→ **THE TASK**
The answer is the line containing "配送できるかどうかは「承り状" plus every line after it to the end of the material, retyped exactly and without the pictures.

→ **STORED DATA**
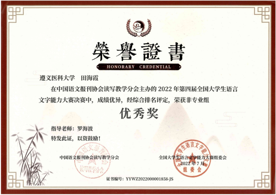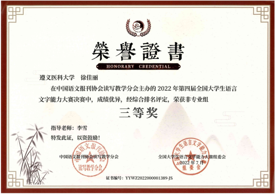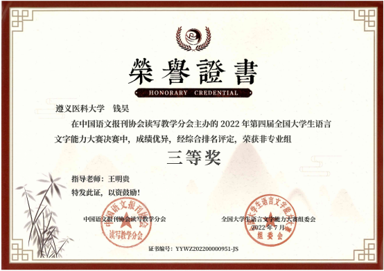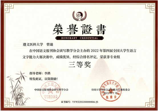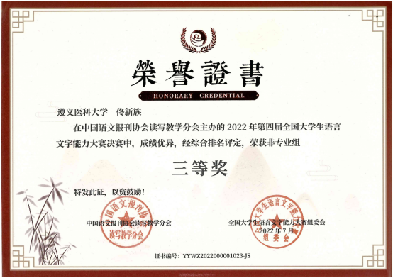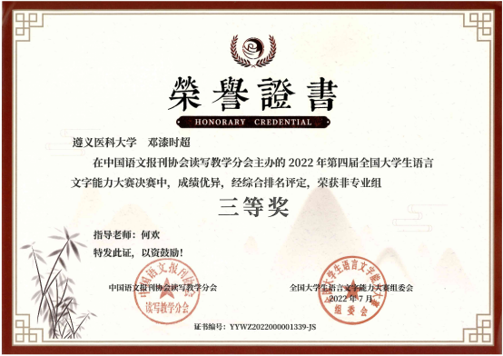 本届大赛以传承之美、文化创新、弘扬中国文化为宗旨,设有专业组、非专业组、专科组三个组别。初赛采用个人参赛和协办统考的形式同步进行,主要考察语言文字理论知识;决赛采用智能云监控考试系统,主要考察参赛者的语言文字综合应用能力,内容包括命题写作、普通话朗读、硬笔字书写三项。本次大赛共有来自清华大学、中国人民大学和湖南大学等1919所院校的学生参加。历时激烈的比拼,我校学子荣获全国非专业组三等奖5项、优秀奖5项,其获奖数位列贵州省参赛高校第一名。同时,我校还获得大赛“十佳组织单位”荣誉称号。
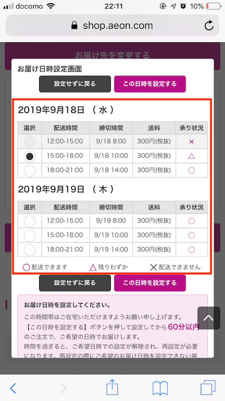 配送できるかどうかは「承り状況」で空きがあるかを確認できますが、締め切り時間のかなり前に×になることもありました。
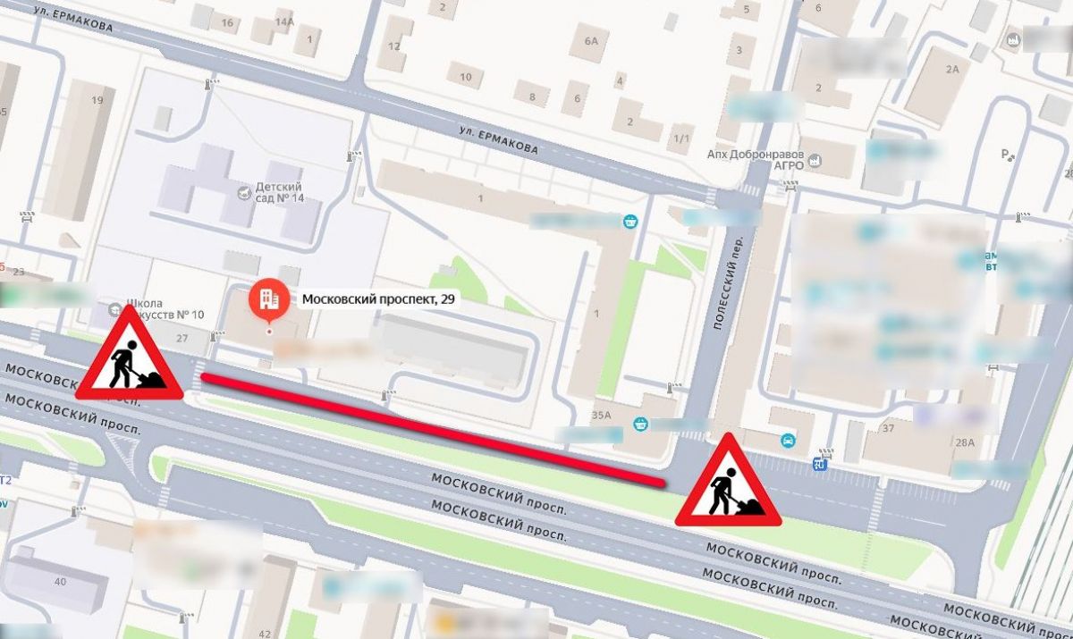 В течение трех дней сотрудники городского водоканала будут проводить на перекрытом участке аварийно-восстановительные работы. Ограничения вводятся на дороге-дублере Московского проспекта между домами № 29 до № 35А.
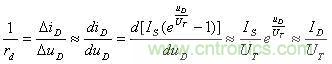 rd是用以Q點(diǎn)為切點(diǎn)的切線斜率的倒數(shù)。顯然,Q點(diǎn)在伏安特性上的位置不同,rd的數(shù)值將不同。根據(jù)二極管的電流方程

→ **TASK RESULT**
 配送できるかどうかは「承り状況」で空きがあるかを確認できますが、締め切り時間のかなり前に×になることもありました。
 В течение трех дней сотрудники городского водоканала будут проводить на перекрытом участке аварийно-восстановительные работы. Ограничения вводятся на дороге-дублере Московского проспекта между домами № 29 до № 35А.
 rd是用以Q點(diǎn)為切點(diǎn)的切線斜率的倒數(shù)。顯然,Q點(diǎn)在伏安特性上的位置不同,rd的數(shù)值將不同。根據(jù)二極管的電流方程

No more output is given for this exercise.